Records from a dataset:
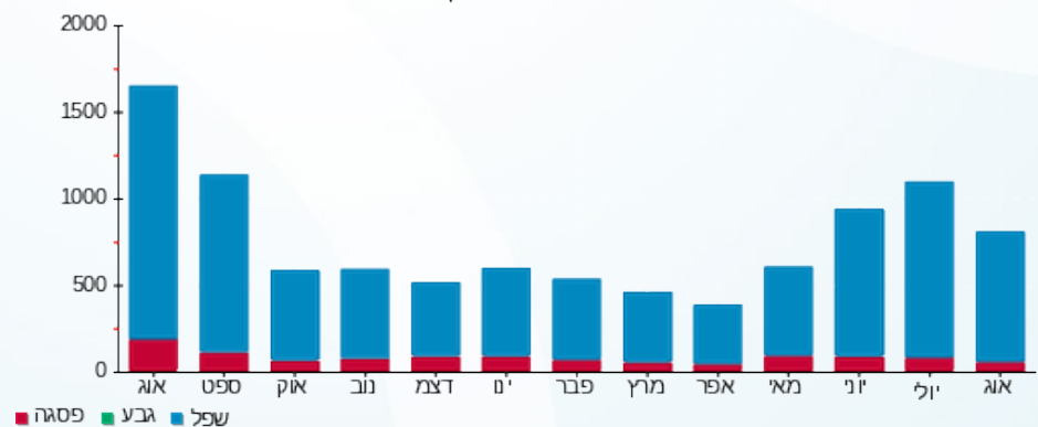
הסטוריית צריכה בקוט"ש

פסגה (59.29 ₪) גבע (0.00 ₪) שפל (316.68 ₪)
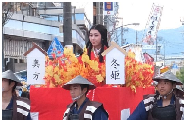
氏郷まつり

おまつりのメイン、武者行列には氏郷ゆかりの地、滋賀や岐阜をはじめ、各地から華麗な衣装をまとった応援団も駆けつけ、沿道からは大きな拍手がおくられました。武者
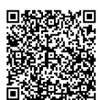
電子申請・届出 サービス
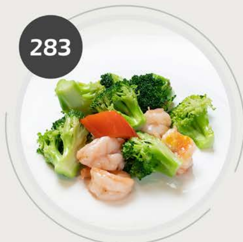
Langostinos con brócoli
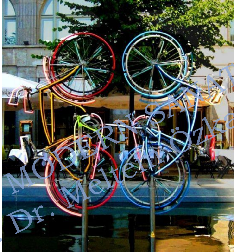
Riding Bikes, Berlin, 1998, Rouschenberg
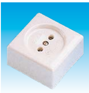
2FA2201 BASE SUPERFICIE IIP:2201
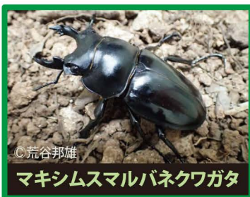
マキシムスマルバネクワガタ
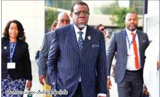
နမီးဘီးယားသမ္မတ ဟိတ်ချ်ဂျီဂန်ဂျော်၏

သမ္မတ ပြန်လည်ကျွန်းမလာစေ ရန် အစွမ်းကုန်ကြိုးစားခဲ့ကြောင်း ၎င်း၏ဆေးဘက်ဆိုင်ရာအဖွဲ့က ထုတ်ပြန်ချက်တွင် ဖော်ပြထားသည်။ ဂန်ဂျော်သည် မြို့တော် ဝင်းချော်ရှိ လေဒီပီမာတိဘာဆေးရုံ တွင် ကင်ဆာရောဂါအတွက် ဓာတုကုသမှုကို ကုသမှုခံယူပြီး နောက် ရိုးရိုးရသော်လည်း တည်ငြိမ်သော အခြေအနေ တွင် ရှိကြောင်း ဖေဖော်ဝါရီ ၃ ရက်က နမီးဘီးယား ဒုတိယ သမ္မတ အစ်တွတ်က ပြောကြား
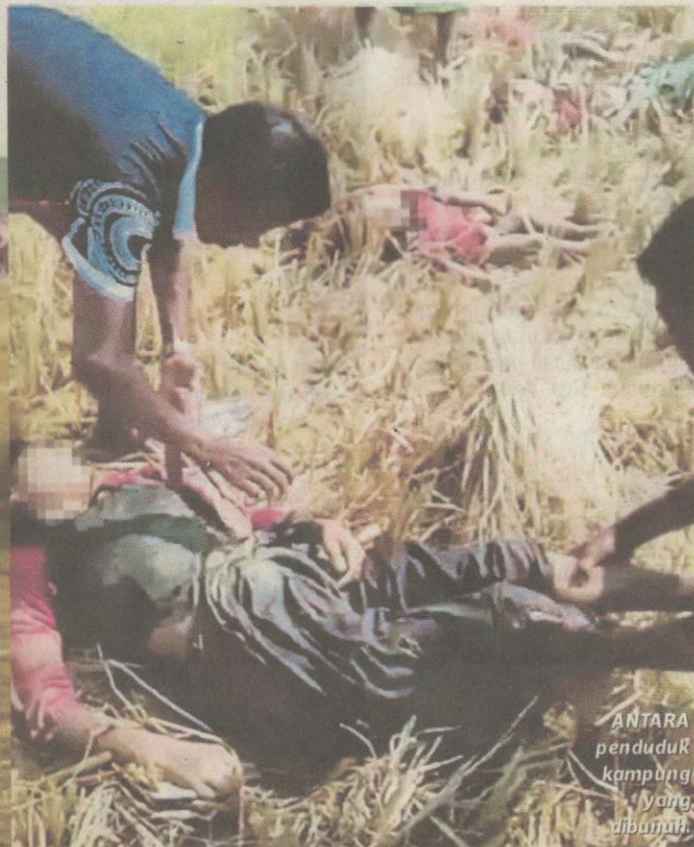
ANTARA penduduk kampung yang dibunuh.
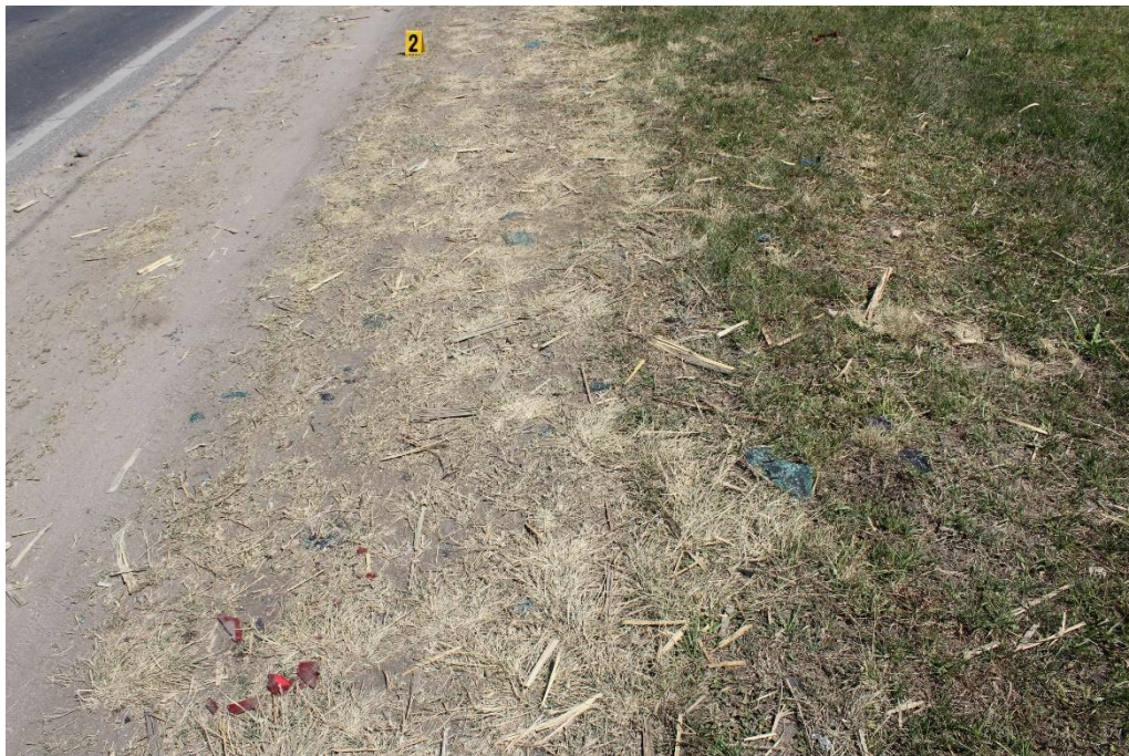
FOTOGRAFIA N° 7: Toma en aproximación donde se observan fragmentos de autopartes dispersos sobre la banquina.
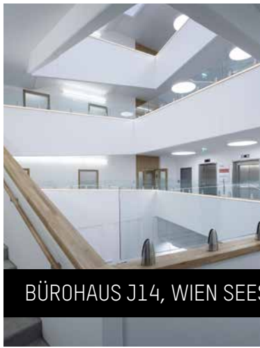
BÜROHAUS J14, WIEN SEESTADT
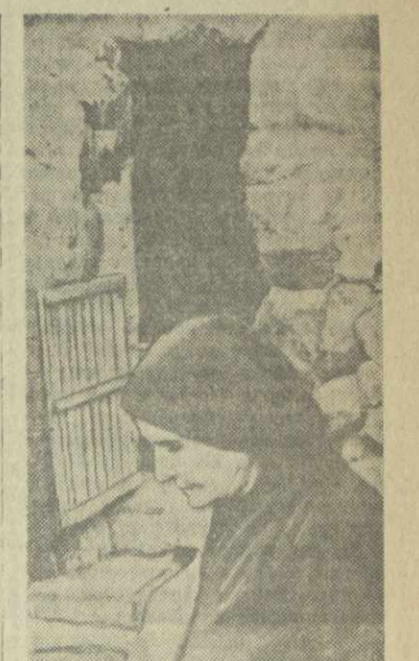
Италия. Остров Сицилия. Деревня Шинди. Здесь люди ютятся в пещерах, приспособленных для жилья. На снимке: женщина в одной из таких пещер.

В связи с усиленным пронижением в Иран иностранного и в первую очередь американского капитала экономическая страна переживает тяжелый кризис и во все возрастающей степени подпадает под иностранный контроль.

THE TASK :: Your task is to copy only the lines above starting at the one containing "Riding Bikes, Berlin, 1998, Rouschenberg" and ending at the one containing "နမီးဘီးယားသမ္မတ ဟိတ်ချ်ဂျီဂန်ဂျော်၏". Copy them exactly, both ends included, and omit the pictures.

YOUR RESPONSE ::
Riding Bikes, Berlin, 1998, Rouschenberg
2FA2201 BASE SUPERFICIE IIP:2201
マキシムスマルバネクワガタ
နမီးဘီးယားသမ္မတ ဟိတ်ချ်ဂျီဂန်ဂျော်၏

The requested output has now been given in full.